Disasters such as Floods, Cyclones, Tsunamis and Earthquakes are on the rise causing a massive loss of life and assets. This scenario is future aggravated by human activities that are adding to these risks though the world is more aware than ever towards preparedness to save lives and assets. There is a need to recognise that disasters have worst impact on people and communities that are poor or at risk of different reasons. Various reports suggest that during 2004-14 the mortality rate of people with disabilities has been 2 to 4 times greater than the non disabled members of communities.
People with disabilities face unique or additional challenges during disasters. Some of which is related to exclusion and barriers that already exist in society. For instance, a person with hearing impairment is likely to miss out on warning announcements through audio broadcasts, similarly, the visual warnings, symbols, and sign posts that are displayed will not be accessible for a person with visual impairment and during earthquakes a person with intellectual disability will find it very stressful to cope with an unfamiliar situation in the campsite in absence of a caregiver or a family member. We need to ensure that Disaster Risk Reduction is Inclusive. This can happen only when people with disabilities are involved in all stages of disaster preparedness and response. 
People with disabilities must be meaningfully represented in disaster management committees. There is a need for data to be broken down in terms of age, gender, and disabilities for enabling policy makers and agencies to plan and respond effectively. Let's ask government and organisations to make disaster risk reduction 'Disability Inclusive." This can be done by implementing the Sendai Framework, the Dhaka Declaration on Disability and Disaster Risk Management. Through this we can ensure that no one is left behind next time a disaster strikes

The short animation by CBM highlights the need for inclusive Disaster Risk Reduction (DRR) through meaningful participation of people with disabilities and organisations at the levels of planning and implementation of DRR.

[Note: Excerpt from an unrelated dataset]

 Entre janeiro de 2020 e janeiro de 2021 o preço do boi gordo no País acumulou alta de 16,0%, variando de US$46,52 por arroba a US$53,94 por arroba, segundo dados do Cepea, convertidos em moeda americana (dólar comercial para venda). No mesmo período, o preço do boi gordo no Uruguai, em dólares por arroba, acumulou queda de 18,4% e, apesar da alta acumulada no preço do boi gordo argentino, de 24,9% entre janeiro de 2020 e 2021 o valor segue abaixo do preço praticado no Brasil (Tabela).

Disability Stakeholder Group, including CBM, was able to assert the need for inclusive Disaster Risk Reduction (DRR) at the recently concluded AMCDRR 2016.

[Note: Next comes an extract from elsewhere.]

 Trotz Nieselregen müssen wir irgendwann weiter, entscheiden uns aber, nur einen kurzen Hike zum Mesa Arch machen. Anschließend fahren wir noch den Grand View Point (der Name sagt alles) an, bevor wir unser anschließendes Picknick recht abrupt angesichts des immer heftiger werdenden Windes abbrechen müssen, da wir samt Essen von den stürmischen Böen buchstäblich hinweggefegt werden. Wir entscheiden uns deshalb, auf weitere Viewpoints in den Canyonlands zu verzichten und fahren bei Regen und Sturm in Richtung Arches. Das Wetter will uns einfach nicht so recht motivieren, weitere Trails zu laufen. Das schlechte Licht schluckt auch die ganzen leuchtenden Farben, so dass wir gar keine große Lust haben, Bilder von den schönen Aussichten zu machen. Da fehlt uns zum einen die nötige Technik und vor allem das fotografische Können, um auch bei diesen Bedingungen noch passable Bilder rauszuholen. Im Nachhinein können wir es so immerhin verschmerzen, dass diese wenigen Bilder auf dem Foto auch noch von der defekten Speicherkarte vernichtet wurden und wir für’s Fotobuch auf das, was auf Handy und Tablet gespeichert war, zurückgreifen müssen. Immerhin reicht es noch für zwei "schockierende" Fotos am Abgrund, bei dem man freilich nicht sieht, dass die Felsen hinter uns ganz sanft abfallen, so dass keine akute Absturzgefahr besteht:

As the globe observed World Tsunami Awareness Day on 5th November to highlight a collective future and the need for acting together on Disaster Risk Reduction (DRR), the Asian Ministerial Conference on Disaster Risk Reduction 2016 (AMCDRR 2016) ended with a strong message and commitment to leave no one behind through an ‘all of society approach’.

The record-breaking air pollution in New Delhi, which is the venue for the conference and smog, persisted with many people seen wearing a mask.

But the air within the imposing plenary hall of Vigyan Bhawan was brimming with expectation, which gave way to optimism for the stakeholder groups who saw their hard work paying off with the drafting committee including framework and implementation level suggestions.

All of society approach

The three-day conference that was preceded by pre-events, saw an open and consultative deliberations which impacted the commitments in the outcome documents: Asian Ministerial Conference on Disaster Risk Reduction (AMCDRR) 2016 New Delhi Declaration – 2016 and Asia Regional Plan for Implementation of the Sendai Framework for Disaster Risk Reduction 2015-2030.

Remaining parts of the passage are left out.